◆ **Work instruction**:
After locating the line with "为了以一个不那么阴森的音调结" in the data that follows, return it and every later line exactly, up to and including the line with "Ким Чен Ын, получив".

◆ **Exercise material**:
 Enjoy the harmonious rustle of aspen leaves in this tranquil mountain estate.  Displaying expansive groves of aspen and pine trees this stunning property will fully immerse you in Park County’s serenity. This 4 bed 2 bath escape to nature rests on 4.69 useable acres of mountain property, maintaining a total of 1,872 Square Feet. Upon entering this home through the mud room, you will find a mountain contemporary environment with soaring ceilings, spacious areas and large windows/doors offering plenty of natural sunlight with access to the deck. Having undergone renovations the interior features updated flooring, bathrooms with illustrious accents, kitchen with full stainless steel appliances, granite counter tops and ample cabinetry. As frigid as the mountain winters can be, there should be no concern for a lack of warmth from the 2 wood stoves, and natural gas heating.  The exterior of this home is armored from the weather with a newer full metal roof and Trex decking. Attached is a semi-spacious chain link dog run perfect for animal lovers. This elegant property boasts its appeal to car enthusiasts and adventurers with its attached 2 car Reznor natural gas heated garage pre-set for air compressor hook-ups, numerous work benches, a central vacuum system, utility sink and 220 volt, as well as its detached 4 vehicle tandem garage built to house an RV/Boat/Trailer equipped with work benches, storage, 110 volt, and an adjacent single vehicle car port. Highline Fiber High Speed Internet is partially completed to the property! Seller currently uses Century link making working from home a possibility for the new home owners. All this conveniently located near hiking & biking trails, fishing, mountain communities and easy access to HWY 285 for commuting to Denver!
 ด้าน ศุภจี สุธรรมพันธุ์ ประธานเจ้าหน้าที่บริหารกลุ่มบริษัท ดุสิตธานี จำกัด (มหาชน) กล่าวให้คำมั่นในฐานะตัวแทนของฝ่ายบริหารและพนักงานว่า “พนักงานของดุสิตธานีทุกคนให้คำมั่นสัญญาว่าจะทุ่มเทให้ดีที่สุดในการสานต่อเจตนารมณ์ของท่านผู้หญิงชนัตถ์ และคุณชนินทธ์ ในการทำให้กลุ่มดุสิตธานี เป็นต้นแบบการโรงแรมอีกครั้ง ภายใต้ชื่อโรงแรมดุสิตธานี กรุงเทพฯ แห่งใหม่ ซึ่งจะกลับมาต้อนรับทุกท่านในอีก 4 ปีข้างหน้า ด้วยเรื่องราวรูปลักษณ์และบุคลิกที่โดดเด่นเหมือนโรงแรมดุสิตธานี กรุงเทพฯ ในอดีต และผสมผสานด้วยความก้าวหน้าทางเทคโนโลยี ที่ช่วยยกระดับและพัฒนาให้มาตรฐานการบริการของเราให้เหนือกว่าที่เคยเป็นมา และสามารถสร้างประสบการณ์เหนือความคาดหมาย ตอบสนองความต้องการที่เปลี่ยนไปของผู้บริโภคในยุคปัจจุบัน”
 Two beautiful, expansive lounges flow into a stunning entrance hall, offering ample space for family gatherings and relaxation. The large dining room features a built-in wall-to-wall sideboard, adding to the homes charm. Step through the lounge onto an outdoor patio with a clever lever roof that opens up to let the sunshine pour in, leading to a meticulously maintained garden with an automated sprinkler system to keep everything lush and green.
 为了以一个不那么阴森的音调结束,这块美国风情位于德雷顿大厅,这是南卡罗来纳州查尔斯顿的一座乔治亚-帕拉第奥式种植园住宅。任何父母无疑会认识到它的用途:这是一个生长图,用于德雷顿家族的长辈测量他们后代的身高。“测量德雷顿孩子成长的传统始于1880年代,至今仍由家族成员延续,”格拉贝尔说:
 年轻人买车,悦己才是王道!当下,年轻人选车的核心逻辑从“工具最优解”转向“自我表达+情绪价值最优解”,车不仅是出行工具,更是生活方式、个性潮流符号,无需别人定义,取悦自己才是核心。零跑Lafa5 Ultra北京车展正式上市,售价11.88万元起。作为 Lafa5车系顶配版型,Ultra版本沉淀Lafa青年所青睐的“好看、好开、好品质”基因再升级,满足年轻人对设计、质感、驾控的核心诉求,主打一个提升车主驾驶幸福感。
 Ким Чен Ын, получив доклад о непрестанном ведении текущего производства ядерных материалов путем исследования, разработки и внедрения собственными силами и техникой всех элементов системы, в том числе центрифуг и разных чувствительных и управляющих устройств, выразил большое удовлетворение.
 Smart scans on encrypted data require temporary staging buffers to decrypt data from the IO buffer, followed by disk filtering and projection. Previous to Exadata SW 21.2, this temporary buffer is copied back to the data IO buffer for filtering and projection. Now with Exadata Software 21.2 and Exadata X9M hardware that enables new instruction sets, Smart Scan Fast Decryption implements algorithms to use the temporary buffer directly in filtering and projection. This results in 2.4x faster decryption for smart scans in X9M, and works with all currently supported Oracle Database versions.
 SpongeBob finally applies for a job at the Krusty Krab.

◆ **Output below**:
 为了以一个不那么阴森的音调结束,这块美国风情位于德雷顿大厅,这是南卡罗来纳州查尔斯顿的一座乔治亚-帕拉第奥式种植园住宅。任何父母无疑会认识到它的用途:这是一个生长图,用于德雷顿家族的长辈测量他们后代的身高。“测量德雷顿孩子成长的传统始于1880年代,至今仍由家族成员延续,”格拉贝尔说:
 年轻人买车,悦己才是王道!当下,年轻人选车的核心逻辑从“工具最优解”转向“自我表达+情绪价值最优解”,车不仅是出行工具,更是生活方式、个性潮流符号,无需别人定义,取悦自己才是核心。零跑Lafa5 Ultra北京车展正式上市,售价11.88万元起。作为 Lafa5车系顶配版型,Ultra版本沉淀Lafa青年所青睐的“好看、好开、好品质”基因再升级,满足年轻人对设计、质感、驾控的核心诉求,主打一个提升车主驾驶幸福感。
 Ким Чен Ын, получив доклад о непрестанном ведении текущего производства ядерных материалов путем исследования, разработки и внедрения собственными силами и техникой всех элементов системы, в том числе центрифуг и разных чувствительных и управляющих устройств, выразил большое удовлетворение.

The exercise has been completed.